The fakes are getting smarter
Some items looked almost perfect until you had the real thing in hand. A Charlotte Tilbury setting spray bought on Amazon seemed legit—until the floral scent and odd texture gave it away. A MAC lipstick sourced on Vinted carried a smudged logo and a slightly off consistency. Other misfires were less subtle: blatant typos, no safety labels, pump mechanisms that didn’t work, and liquids with the wrong color entirely. (When you’re paying **about $13 (£10) for a cult product that usually costs more, that’s a red flag all by itself.)
Who’s getting hit
Which? found the most faked names were also the most loved: Charlotte Tilbury, La Roche-Posay, Maybelline, The Ordinary, and MAC. Popularity plus social-media hype equals prime targets for counterfeiters. In the low-cost bracket, The Ordinary stood out: two eBay listings had 2,600+ sales, and nearly 1,000 units moved on TikTok Shop—volume that suggests big profits, even when the **sticker price hovers around $13 (£10) per item. (Which?, TheIndustry.beauty)
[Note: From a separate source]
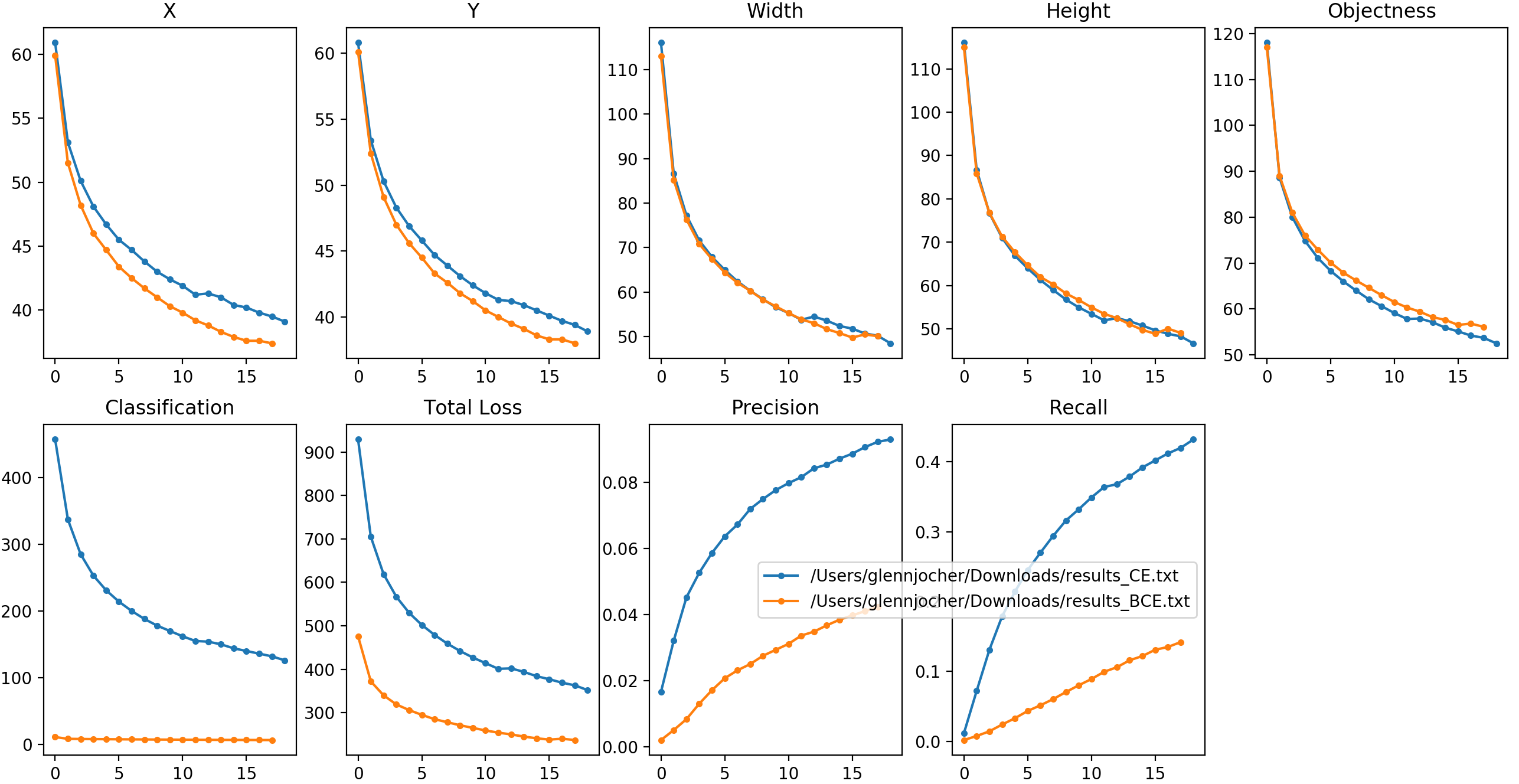 When developing the training code I found that replacing Binary Cross Entropy (BCE) loss with Cross Entropy (CE) loss significantly improves Precision, Recall and mAP. All show about 2X improvements using CE, though the YOLOv3 paper states these loss terms as BCE in darknet.
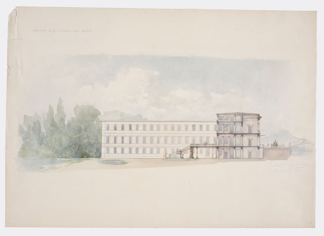 Disegno a matita e acquerello policromo, raffigurante la sezione trasversale di un ospedale entro parco. Grande terrazza al primo livello sul retro del corpo principale.

How the platforms and brands answered
The marketplaces stressed their enforcement efforts. Amazon cited a “zero-tolerance policy” for counterfeits and said it removes listings and bad actors quickly, noting that several offers flagged by Which? were pulled mid-investigation. eBay said it blocks millions of counterfeit items annually using tech and trained investigators, and suspends sellers when necessary. TikTok Shop pointed to the millions of listings it removed in the second half of last year for policy violations. Vinted acknowledged the counterfeiting challenge in beauty and said it’s rolled out safeguards and encourages reporting of suspicious accounts. L’Oréal Groupe—owner of CeraVe, La Roche-Posay, Maybelline, L’Oréal—said: “We take the threat of counterfeit products extremely seriously and are committed to protecting consumers’ health and safety,” noting work with international law enforcement. MAC referred Which? to its anti-counterfeit page, while Charlotte Tilbury and The Ordinary didn’t respond. (Which?, TheIndustry.beauty)
Is there a similar problem in the united states?
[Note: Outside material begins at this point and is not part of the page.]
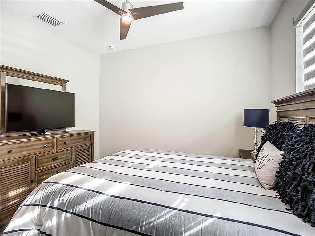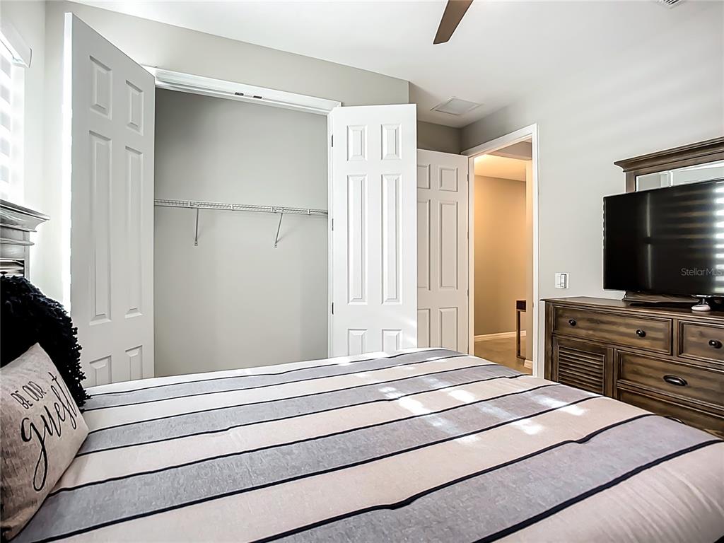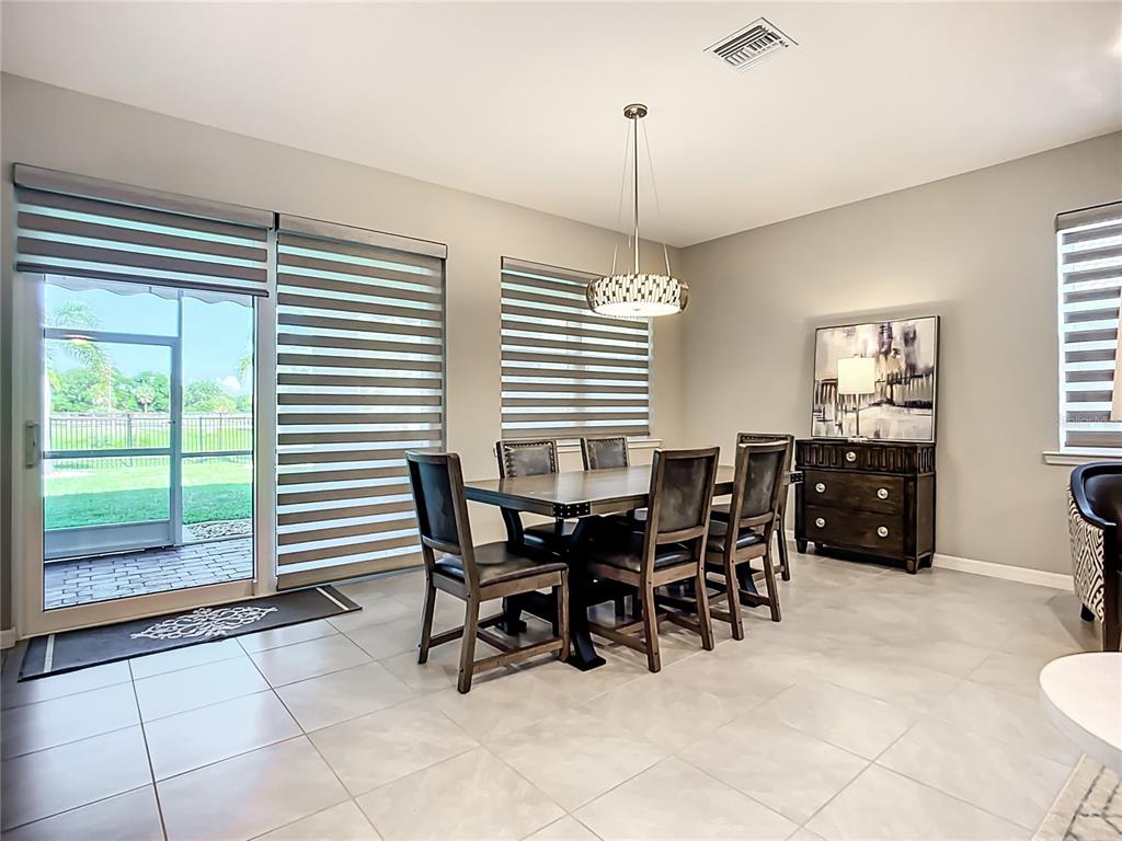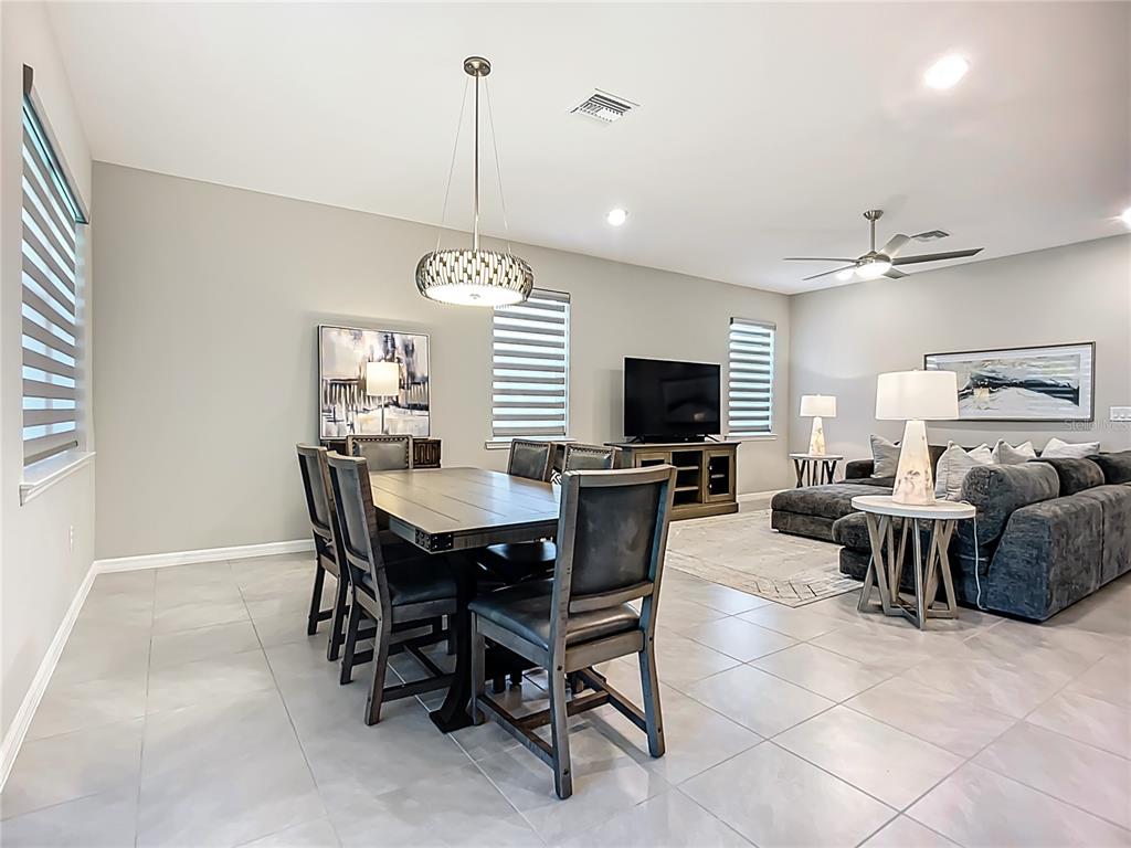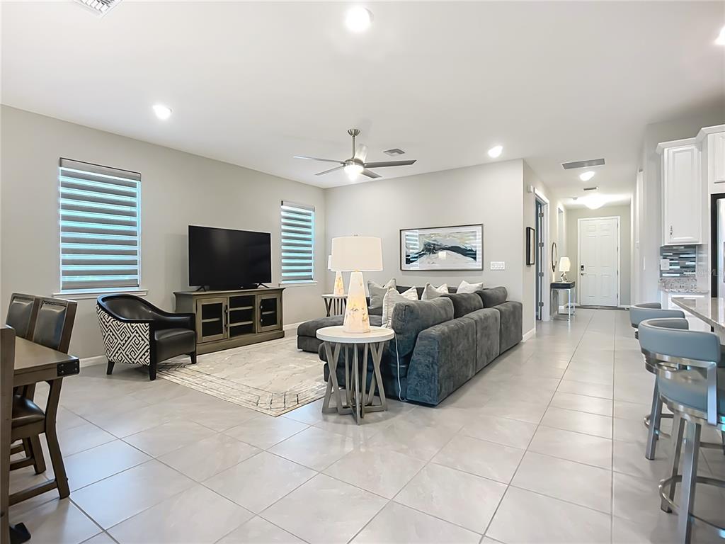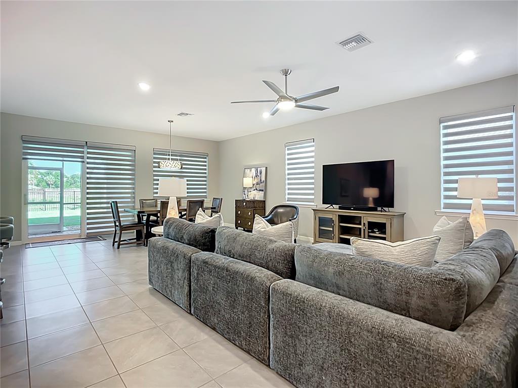 Split Bedroom Walk-In Closet(s)Ceiling Fan(s) High Ceilings Living Room/Dining Room Combo Thermostat Open Floorplan Window Treatments Solid Surface Counters Solid Wood Cabinets Kitchen/Family Room Combo Central VacuumAttic VentilatorExterior Features:

Short answer: yes—and regulators are tightening the screws. The US FDA expanded oversight under MoCRA, pushing registration and product listing rules for cosmetics, and legal and consulting analyses note a surge to hundreds of thousands of FDA cosmetic product listings post-MoCRA. Enforcement has also ramped up against counterfeit health and beauty goods, with regulators and customs agencies seizing suspect shipments. The FDA’s spring 2025 seizure notice about counterfeit Ozempic isn’t cosmetics, but it’s a crystal-clear example of how sophisticated counterfeit supply chains have become across health-adjacent categories. Major US marketplaces have also rolled out stricter seller compliance (see Walmart’s prohibitions and recent crackdowns). Translation: the US faces the same marketplace vulnerabilities, and authorities are actively trying to close those gaps. (skadden.com, U.S. Food and Drug Administration, Walmart Marketplace Learn, The Sun)
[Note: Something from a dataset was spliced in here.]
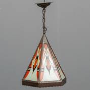 Hexagonaal plafondlampje met koperen montuur en zes gebrandschilderde ruitjes, Amsterdamse School -beetje verfverlies-, exclusief ketting 35 × 25 × 25 cm
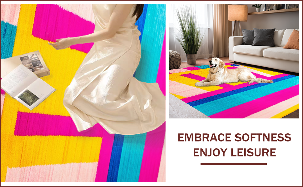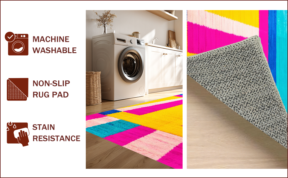 Ultra Soft Area Rug, Non Slip, Stain Resistant, Washable Area Rugs for Living Room, Bedroom, Vibrant Playful Patchwork Design(Pink) Overview:

What you can realistically do
Until enforcement fully catches up, adopt defensive shopping habits. Buy direct from the brand or verified retailers whenever you can. Be suspicious of viral, sold-out, or unusually cheap listings. Read reviews with a skeptic’s eye—patterns of identical wording or new accounts with explosive sales are warning signs. Check who’s shipping the item and from where. And when it arrives, inspect the box: fonts, seals, batch codes, scent, texture. If anything is off, don’t put it on your skin.
The bottom line? Counterfeit beauty is a public-health problem dressed up as a bargain. The Which? probe shows that current measures aren’t enough to stem the flow—so shop smart and keep your guard up. (Which?)